We must forever conduct our struggle on the high plane of dignity and discipline. We must not allow our creative protest to degenerate into physical violence. Again and again we must rise to the majestic heights of meeting physical force with soul force. The marvelous new militancy which has engulfed the Negro community must not lead us to a distrust of all white people, for many of our white brothers, as evidenced by their presence here today, have come to realize that their destiny is tied up with our destiny. They have come to realize that their freedom is inextricably bound to our freedom. We cannot walk alone.
As we walk, we must make the pledge that we shall always march ahead. We cannot turn back. There are those who are asking the devotees of civil rights, ‘When will you be satisfied?’ We can never be satisfied as long as the Negro is the victim of the unspeakable horrors of police brutality. We can never be satisfied, as long as our bodies, heavy with the fatigue of travel, cannot gain lodging in the motels of the highways and the hotels of the cities. We cannot be satisfied as long as the Negro's basic mobility is from a smaller ghetto to a larger one. We can never be satisfied as long as our children are stripped of their selfhood and robbed of their dignity by signs stating ‘For Whites Only’. We cannot be satisfied as long as a Negro in Mississippi cannot vote and a Negro in New York believes he has nothing for which to vote. No, no, we are not satisfied, and we will not be satisfied until justice rolls down like waters and righteousness like a mighty stream.
I am not unmindful that some of you have come here out of great trials and tribulations. Some of you have come fresh from narrow jail cells. Some of you have come from areas where your quest for freedom left you battered by the storms of persecution and staggered by the winds of police brutality. You have been the veterans of creative suffering. Continue to work with the faith that unearned suffering is redemptive.
Go back to Mississippi, go back to Alabama, go back to South Carolina, go back to Georgia, go back to Louisiana, go back to the slums and ghettos of our northern cities, knowing that somehow this situation can and will be changed. Let us not wallow in the valley of despair. I say to you today, my friends, so even though we face the difficulties of today and tomorrow, I still have a dream. It is a dream deeply rooted in the American dream. I have a dream that one day this nation will rise up and live out the true meaning of its creed: ‘We hold these truths to be self-evident: that all men are created equal.
I have a dream that one day on the red hills of Georgia, the sons of former slaves and the sons of former slave owners will be able to sit down together at the table of brotherhood. I have a dream that one day even the state of Mississippi, a state sweltering with the heat of injustice sweltering with the heat of oppression, will be transformed into an oasis of freedom and justice. I have a dream that my four little children will one day live in a nation where they will not be judged by the color of their skin but by the content of their character.  I have a dream today.
I have a dream that one day down in Alabama, with its vicious racists  with its governor having his lips dripping with the words of ‘interposition’ and ‘nullification’  one day right there in Alabama little black boys and black girls will be able to join hands with little white boys and white girls as sisters and brothers. I have a dream today.
I have a dream that one day every valley shall be exalted every hill and mountain shall be made low, the rough places will be made plain and the crooked places will be made straight and the glory of the Lord shall be revealed, and all flesh shall see it together.
This is our hope. This is the faith that I go back to the South with. With this faith we will be able to hew out of the mountain of despair a stone of hope. With this faith we will be able to transform the jangling discords of our nation into a beautiful symphony of brotherhood. With this faith we will be able to work together, to pray together, to struggle together, to go to jail together, to stand up for freedom together knowing that we will be free one day.
This will be the day; this will be the day when all of God’s children will be able to sing with new meaning: “My country, ‘tis of thee, sweet land of liberty, of thee I sing. Land where my fathers died, land of the pilgrim’s pride from every mountainside, let freedom ring!” And if America is to be a great nation this must become true. So let freedom ring from the prodigious hilltops of New Hampshire.
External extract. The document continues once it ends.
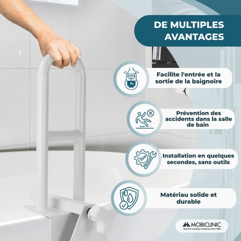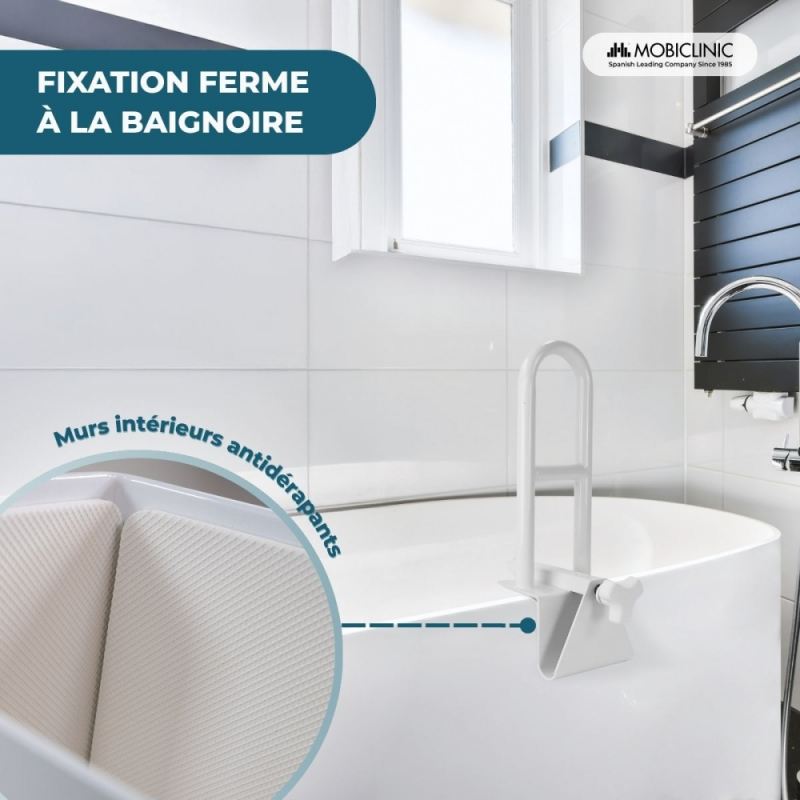 Poignée d'accès à la baignoire | Bords lisses 4,5 - 13,5 cm | Max. 100kg | Usage clinique et domestique | MobiBary | Mobiclinic

Let freedom ring from the mighty mountains of New York. Let freedom ring from the heightening Alleghenies of Pennsylvania.  Let freedom ring from the snow-capped Rockies of Colorado. Let freedom ring from the curvaceous slopes of California. But not only that:  Let freedom ring from Stone Mountain of Georgia. Let freedom ring from Lookout Mountain of Tennessee. Let freedom ring from every hill and molehill of Mississippi. From every mountainside let freedom ring.
And when this happens and when we allow freedom ring when we let it ring from every village and every hamlet, from every state and every city we will be able to speed up that day when all of God’s children, black men and white men Jews and Gentiles, Protestants and Catholics will be able to join hands and sing in the words of the old Negro spiritual: ‘Free at last!  Free at last! Thank God Almighty, we are free at last!’
Those were not the words of a passive, idle dreamer, no. Martin Luther King Jr waged relentless struggles that forced the ruling class to relent and forced the government to pass laws that addressed and rectified over one hundred years of electoral disenfranchisement. King and the little people who supported him were responsible for social change that opened public accommodations and broke the barriers of racial apartheid. America was not going to change without some sort of catalyst or pressure Rosa Parks, King SNCC, the Nation of Islam provided that pressure.
 King was very knowledgeable about world events; he saw the big picture, the global scenario. King was actively planning a multi-racial, multi ethnic Poor People’s Campaign in Washington D.C. to call attention to the plight of the common people and demand redistribution of wealth and an end to the wars and their stranglehold on the morals of the country.
 King was the most prominent voice against the US imperialist war in Indo-China (Vietnam, Laos and Cambodia). None of his well known white religious contemporaries like Billie Graham, Norman Vincent Peale or Bishop Fulton Sheen took pro-PEACE positions. Martin Luther King Jr. exposed the immoral nexus linking war, militarism, imperialism with domestic oppression. For this he was demonized, ostracized, labeled persona non grata and marked for death by the ruling class and their media flunkies.
 King was a profound force for social change in America.  When he was shot down in Memphis Tennessee, King was agitating on behalf of mostly Black municipal sanitation worker’s union in their struggle for honest wages and respect from the city leadership.
In one speech King called for transforming the Jericho Road which he used as a metaphor for America. He said, “On the one hand we are called to play the Good Samaritan on life's roadside; but that will be only an initial act. One day we must come to see that the whole Jericho road must be transformed so that men and women will not be constantly beaten and robbed as they make their journey on life's highway. True compassion is more than flinging a coin to a beggar; it is not haphazard and superficial. It comes to see that an edifice which produces beggars needs restructuring.”
King realized America needed restructuring. This weekend don’t fall for the ruling class media King narrative. King was about thorough and systematic structural change not limited community service projects. It’s time we remember the real Martin Luther King Jr. and act on his dream.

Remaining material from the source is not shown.